An exhibition within the exhibition

What kind of heritage does this ninety year old building carry? What is left in its walls? What significance do the exhibited vestiges hold? In what way has Göteborgs Konsthall enriched art and influenced its visitors? I don’t have answers to any of these questions, but it is exactly what Marcellini is trying to reveal and enhance for us.  Unfortunately, the exhibition has an unnecessarily melodramatic title, implying that the exhibition is a crime scene of sorts; I can’t help but think that this is simply an attempt to attract more visitors by assigning them the role of the detective. Regardless, the title is of minor import when you understand the metaphysical superstructures that this intellectual experiment produces. In this exhibition – or should I say, display of philosophical, psychological, and maybe even political ruminations – the artist surpasses fiction and fantasy with reality. Partly, this is due to the ‘mystery’ element, which can form the basis of subjective experiences that fire the imagination, but mainly it is because he is unmasking the life and stories surrounding and behind these remains.

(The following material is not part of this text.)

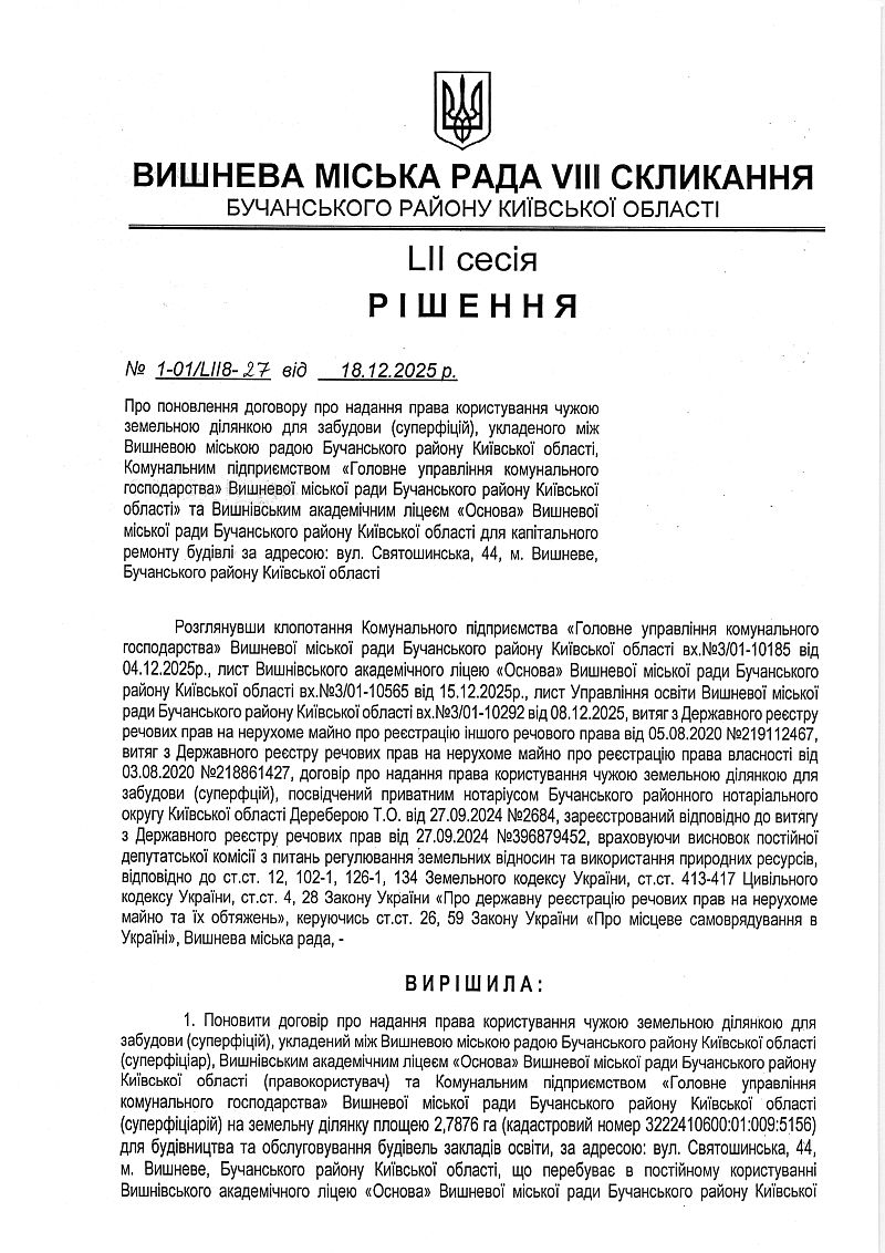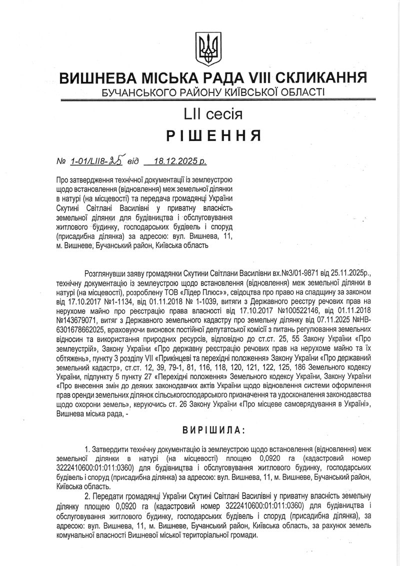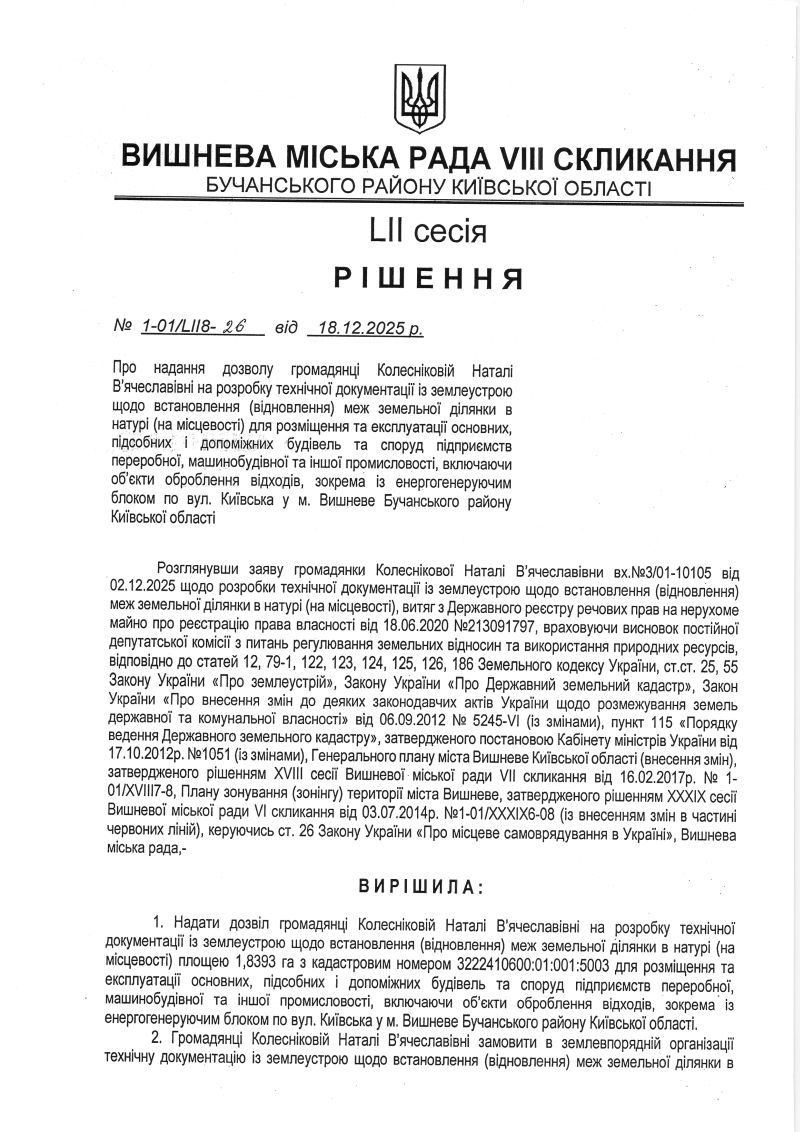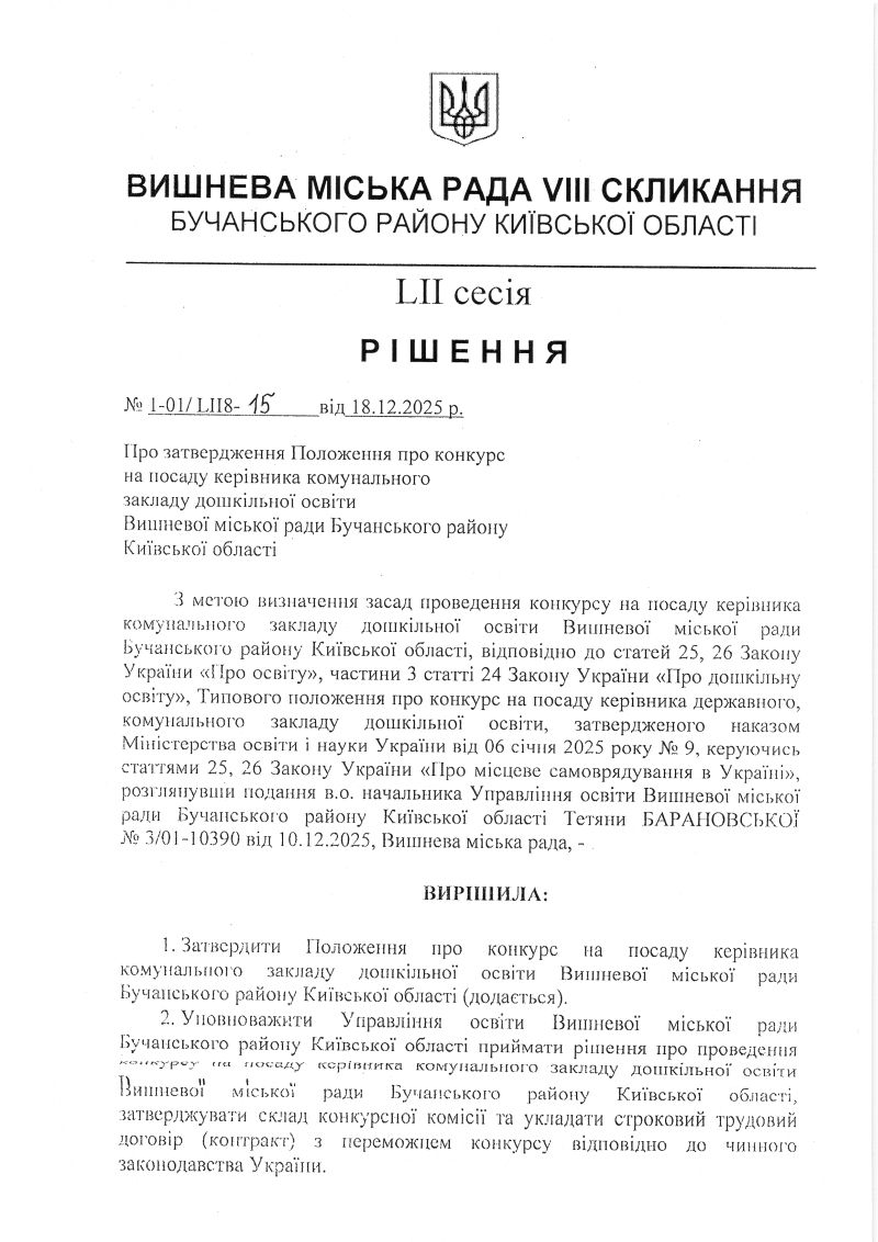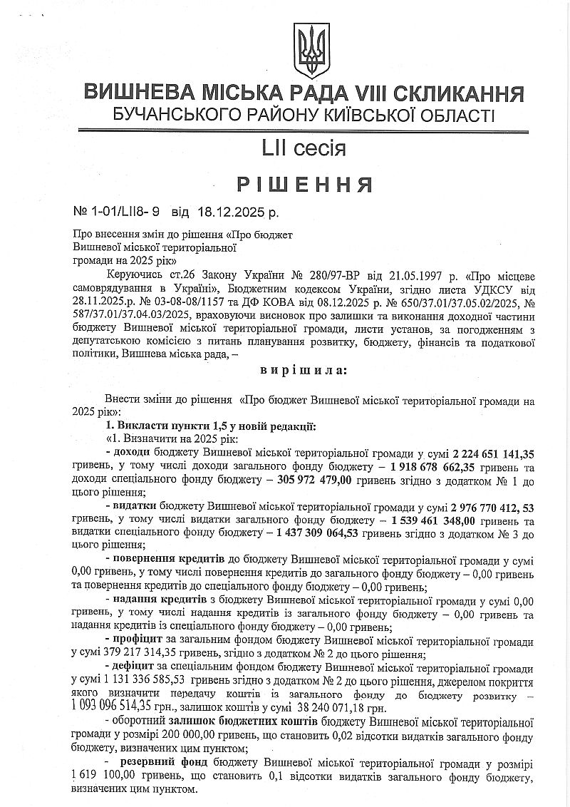 РІШЕННЯ LIІ СЕСІЇ VIІІ СКЛИКАННЯ від 18.12.2025 року
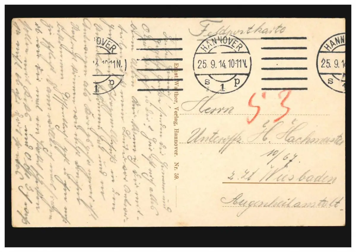 AK Hanovre: Neue Mairie, Feldpost HANNOVER s 1 p 25.9.1914 vers Wiesbaden

Marcellini is not expecting us to understand all the objects exhibited. On the contrary, I am inclined to think that this is one of the basic ideas underlying his art – we are not capable of deciphering the network of life on all its historical, psychological, and political levels. We are part of a collective, but simultaneously, unceasingly alone in our search for something or someone to cling on to. By using the remains of earlier exhibitions, Marcellini declares that it is not possible to revive these artefacts, but that they are with us – a constant murmur in the background. To my disappointment, he attempts to fit all the pieces together. He tries to lay a puzzle by arranging and shaping the objects, so that they resemble an ordinary exhibition. Instead, he should have thrown the myriad pieces of the exhibition on the floor, stood to one side, observed it and nodded: ‘There lies the scattered, collected work of those gone before!’ It is the gaps and leaps in time between the pieces that create continuity. But, like the title, this criticism is negligible, as there seems to be a need in him – and in me as well – for art wherein the borders between fiction and reality can be blurred, an alchemy where those borders are erased.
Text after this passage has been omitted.